La mañana  del último día, que rápido se pasa el tiempo cuando se está bien, nos esperaba con dos incógnitas a desvelar, esta vez si, tras dar buena cuenta de ese estimulante natural que el desayuno buffet interminable del Steingberg. La primera incógnita a resolver era ese misterioso “?” que cerraba Selectors. A 1,01 € se pagaba Objekt y a 1,01€ IF. La sorpresa es que esas 3 horas iban a ser negociado de James Murphy de LCD Soundsystem que a tenor de sus farras “made in Despacio” aseguraban mínimo calidad. El contrapunto a la sorpresa es que se había puesto malo el hombre y la mitad del festival perdió su dinero; no se complican los holandeses, tiraron de catálogo, y ¡Oh!, el sustituto elegido no iba a ser otro que IF: Gracias por nada.

Ya a estas alturas del disgusto Dj Python y las avispas nos entretienen en el escenario principal mientras vemos donde guardamos todos la segunda incógnita desvelada en las puertas del recinto en forma de sorpresa regalo, que tomó la forma de esa muy moderna manera de tirar el dinero como es grabar cintas cassette.
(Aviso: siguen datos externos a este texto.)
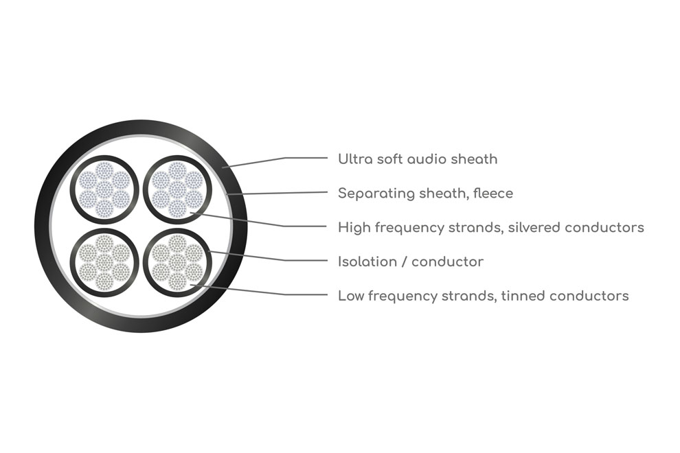 - Dva vodiče s postriebrenými medenými vláknami OFC poskytujú hlboké a krištáľovo čisté vysokofrekvenčné podanie

Resultado: Aquí tengo presidiendo en el salón de casa los sets de Elena Colombi y John Talabot mientras escucho esos sets vía streaming imposibilitando cualquier ánimo de lucro que pudiera tener vendiendo esas joyas en Discogs,

La continuación del viaje tiene parada en un clásico entre clásico: Alexander Robotnick tirando de su directo en clave house y sorprendiendo a propios y extraños que esperaban algo más pureta y oscuro. puro baile y buen sabor de boca para la primera visita por el invernadero de apodo Green House. Breve paso por Selectors para decepcionarse con el comentado triunfador del Paraiso, un convencional Raphael Top Secret que no tardó en hacerse bola con su house disquero y rumbo hacia el primer paso serio por la zona UFO.

Ocurre que hacia el final del recinto, tras la zona de descanso y relax, Dekmantel alberga un microcosmos en forma de carpa, donde el Techno toma forma sudor y lágrimas y maximiza su expresión. Dejar atrás el puesto de patatas fritas es adentrarse en un hospital de campaña de la guerra donde van saliendo vencedores y vencidos en la batalla que se libra en la oscuridad y el calor de cuatro paneles de plástico: La UFO. El mariscal al cargo es Planetary Assault System con una hora de live de los que tengo en la retina, meses después.

Con la batalla y la guerra ya perdidas, solo basta ya buscar un buen lugar para realizar el entierro, y que suenen las trompetas y las salvas de cañón con los clásicos básicos de la cita holandesa: Motorcity Drum Ensemble a ramalazos house, Nitzer Ebb  a base de clásicos y IF con trallazos Italodiscos para cerrar, a lo grande, todos juntos en manos de Marcel Dettman en una media hora que sirva para hacer manada, felicitarnos por el buen trabajo, abrazar al compañero y desearnos a todos un feliz Dekmantel 2020 y para los que solo lo vemos año impar 2021. Ya solo quedan 9 meses.